In 2018, a diesel StreetDeck demonstrator equipped with Daimler OM936LA 295 hp engine was exported to Hong Kong and placed in service with Kowloon Motor Bus in September 2019. The demonstrator was only operated in service for two weeks by KMB due to Wrightbus falling into administration, and the bus was sent back to the United Kingdom in February 2020, later entering service with Ensignbus after extensive modifications for use by the operator on private hire services.

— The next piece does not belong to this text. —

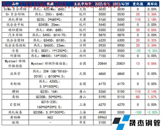 核心觀點(diǎn):上周厚壁無縫鋼管市場整體小幅上漲,五一假期前后,市場存在小幅度的需求放量,疊加節(jié)前現(xiàn)貨成本普遍偏高,因此現(xiàn)貨價(jià)格多數(shù)在節(jié)后小幅上漲;另一方面,市場對(duì)于疫情緩解后的需求釋放情況保持樂觀,因此從預(yù)期方面而言也多以看漲較多;在有色方面,整體下游行業(yè)消費(fèi)不及預(yù)期,銅、鋁上周價(jià)格有所下滑,市場整體呈現(xiàn)較為弱勢。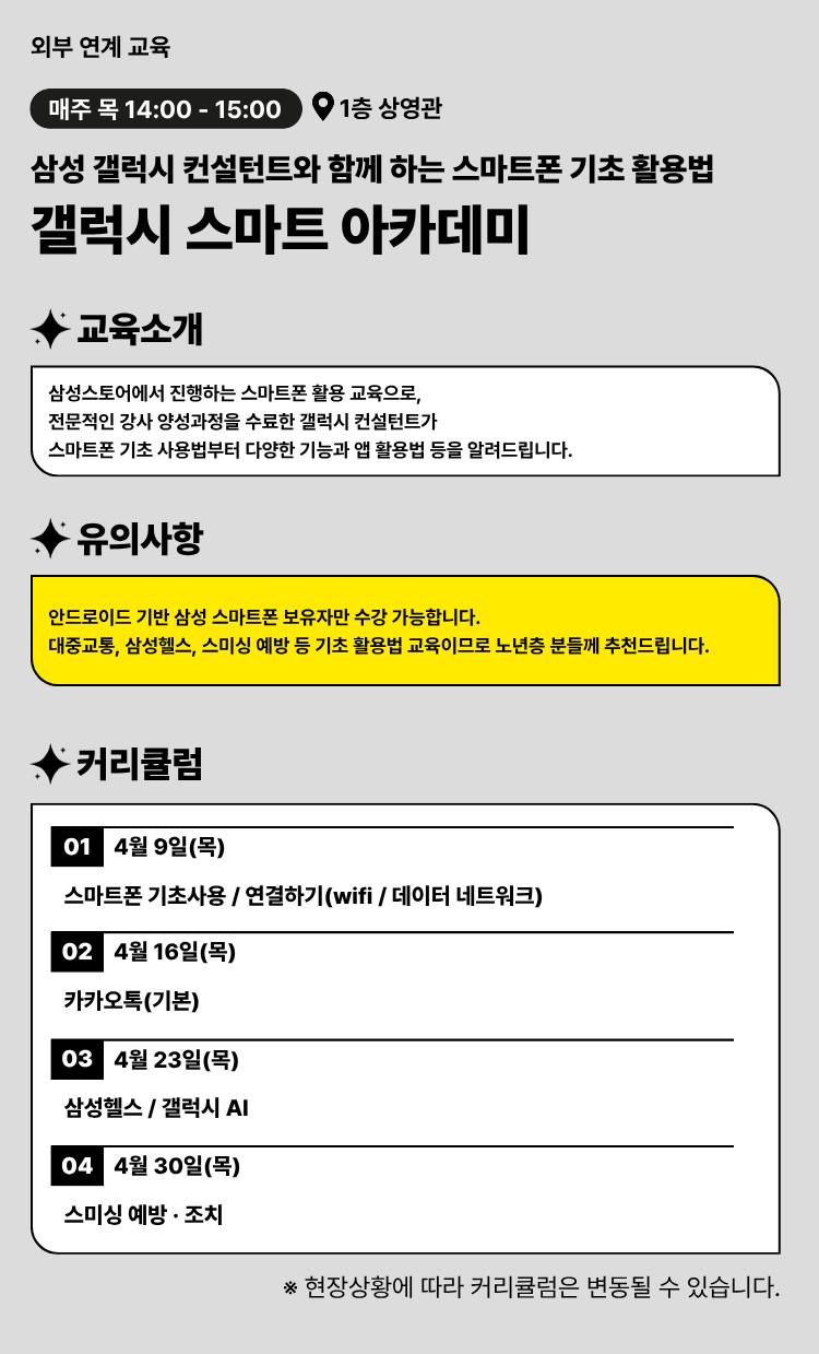 - 2026-04-09 ~ 2026-04-30 매주 목 14:00 - 16:00

Five StreetDecks built to KMB specification were later delivered to company subsidiary SunBus in March 2021.

Five StreetDecks were exported to Monterrey, Mexico in 2017. Although Mexico drives on the right, they were built as right-hand drive vehicles to operate on the Ecovía bus rapid transit corridor, in which passengers board from the left-hand side of the road. These were laid up out of service in 2019 due to damage from being fuelled with inadequate fuel mixtures. A left-hand drive StreetDeck demonstrator later entered service in Santiago, Chile in March 2019.

The National Transport Authority of Ireland plans to place 800 StreetDeck Electroliners into service across Ireland between 2023 and 2028 as part of a single-supplier agreement with Wrightbus. Around 100 Electroliners began to be delivered to Dublin Bus from late 2023 onwards, while 34 entered service with Bus Éireann in Limerick in April 2024; a further 21 have been ordered by Bus Éireann for delivery to the city in early 2025.

In 2025, a tri-axle version of the second generation StreetDeck Electroliner was produced for markets in the Asia-Pacific, such as Hong Kong, Singapore and Australia. One demonstrator unit will be shipped to an unnamed Hong Kong operator for a one-year trial. An order for 20 tri-axle second-generation StreetDeck Electroliners, which will be assembled in Wrightbus' Malaysian manufacturing facility, was subsequently announced by Citybus of Hong Kong in May 2026, with delivery expected in 2027.